# Anyone have a good/fast way to copy a lot files from one server to another via SMB



## avisitor (Jul 13, 2008)

I need to move a few million files (~600GB) from one server to another. 

The originating server is running 2k3 Storage Server Edition and the destination server is running 2k8 Enterprise. Both servers are using 4 disks in RAID 5. 

Here's what I've tried:

* Robocopy: Seemed really slow. Like took 30 minutes to move a gigabyte.

* RichCopy: Nice and fast, except it didn't preserve ACLs. That's the most important thing. I need permissions preserved.

* Fast Copy: It seems to work. It's about the same as Robocopy. Maybe faster. I can't tell.

The main problem with everything is the number of files. They're not large, there are just a ton of them. (Think millions of Word docs and other similar files.)

The other problem is that there's a backup job running right now. (It's been running for over 30 hrs.) I'd need to get permission to kill it.

What do you guys think.


----------



## avisitor (Jul 13, 2008)

Fast Copy seems to be about twice as fast as robocopy. However, it's all still too slow.
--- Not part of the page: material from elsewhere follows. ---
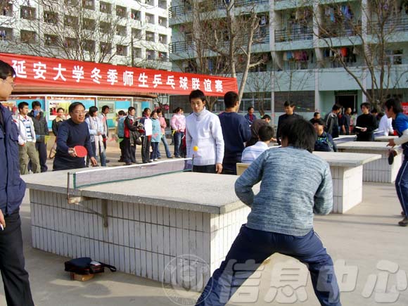 在3日下午举行的师生友谊赛中,应邀参赛的有校党委书记刘建德、校党副委书记、纪委书记刘庆利、学生处处长韩卿元等14位老师。持续两个小时的友谊赛进展顺利。一学生队员说:“和老师们在一起打比赛,我们没什么顾虑,老师们打得非常棒,我们发挥的也很充分。” 刘庆利同志感慨地说:“许多活动因为师生之间的年龄、身体素质及竞技水平有明显的差距而无法开展,选择乒乓球这一比赛形式有利于师生之间的交流和沟通。学生队伍及工作人员能够在寒冷的天气里坚守岗位,积极参加,这点很好,这种精神值得肯定和发扬。”
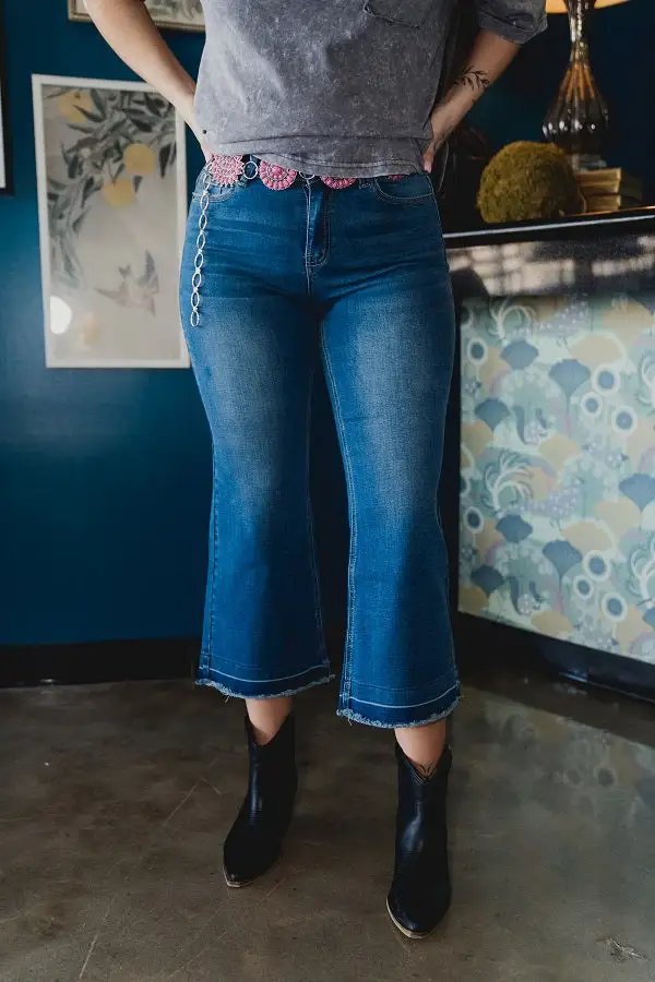 These Dark Wash Wide Leg Capri Jeans are perfect! They offer a comfortable and stretchy fit, making them ideal for everyday wear. The dark wash gives them a stylish, classic look that pairs easily with any top. Plus, the wide leg cut ensures you’ll have a flattering silhouette. The feature a raw bottom edge, so they can be trimmed as needed. Whether you’re running errands or heading to a night out, these jeans are sure to keep you looking and feeling great.

Does anyone know of a multithreaded file copier. I think that's the main problem. I really don't want to write one.


----------



## leroys1000 (Aug 16, 2007)

You will want to kill that backup process as it uses a lot of cpu cycles
and hard drive throughput.
That is going to slow it down a lot.
Still,600Gb is a lot to move and will take a while.
You might dump the files to an external drive,then
transfer them.


----------